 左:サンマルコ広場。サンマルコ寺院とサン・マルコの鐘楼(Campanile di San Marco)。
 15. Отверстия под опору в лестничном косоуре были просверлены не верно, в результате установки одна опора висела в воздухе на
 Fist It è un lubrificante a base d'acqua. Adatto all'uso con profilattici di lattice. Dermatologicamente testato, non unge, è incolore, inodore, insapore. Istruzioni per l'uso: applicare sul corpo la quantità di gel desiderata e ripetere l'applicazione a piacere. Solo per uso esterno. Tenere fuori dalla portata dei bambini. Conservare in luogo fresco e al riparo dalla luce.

───

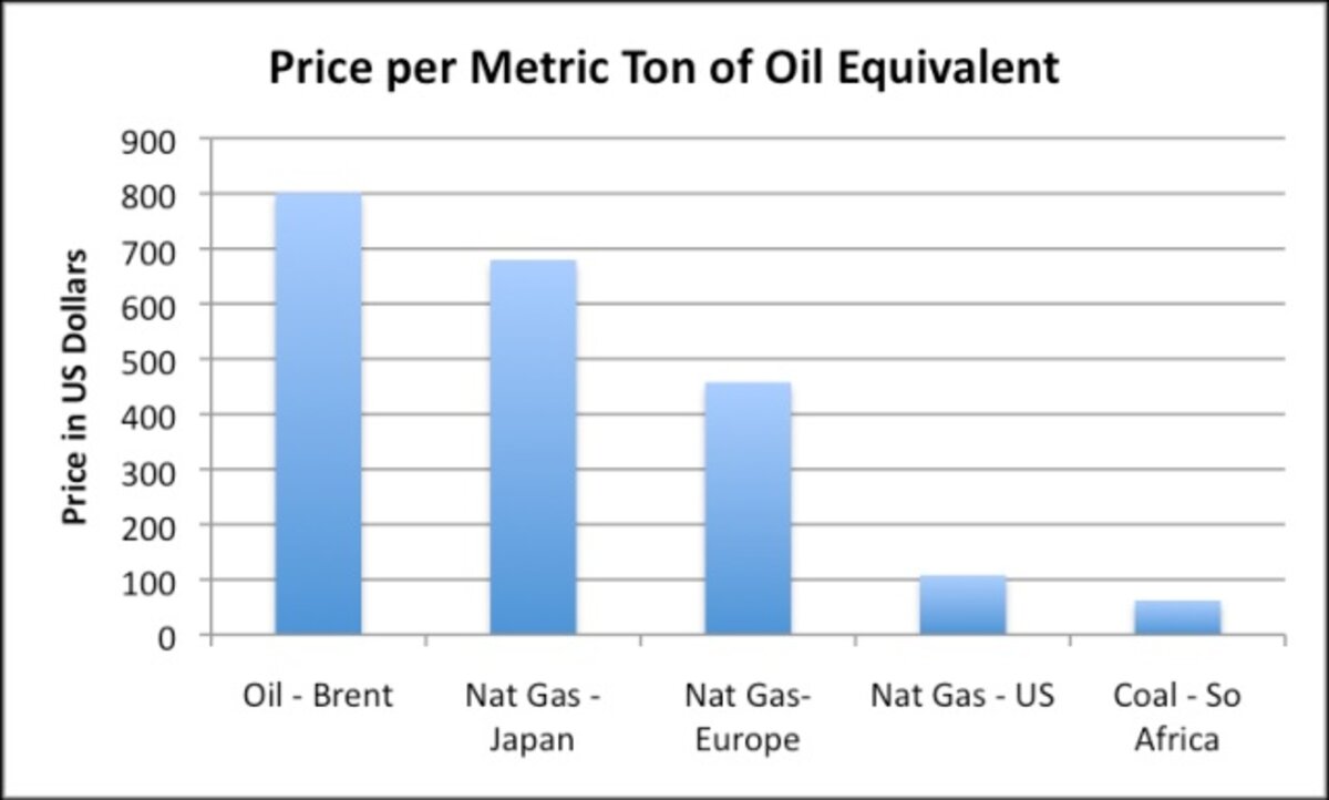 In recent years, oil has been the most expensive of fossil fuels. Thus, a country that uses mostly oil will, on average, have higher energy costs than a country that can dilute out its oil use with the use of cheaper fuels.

───

### YOUR OBJECTIVE
From the entries above, print the lines beginning at the one with "左:サンマルコ広場。サンマルコ寺院とサン・マルコの鐘楼(Campanile di San" and stopping after the one with "15. Отверстия под", exactly as written and with nothing else.

### RESULT OF THE EXERCISE
 左:サンマルコ広場。サンマルコ寺院とサン・マルコの鐘楼(Campanile di San Marco)。
 15. Отверстия под опору в лестничном косоуре были просверлены не верно, в результате установки одна опора висела в воздухе на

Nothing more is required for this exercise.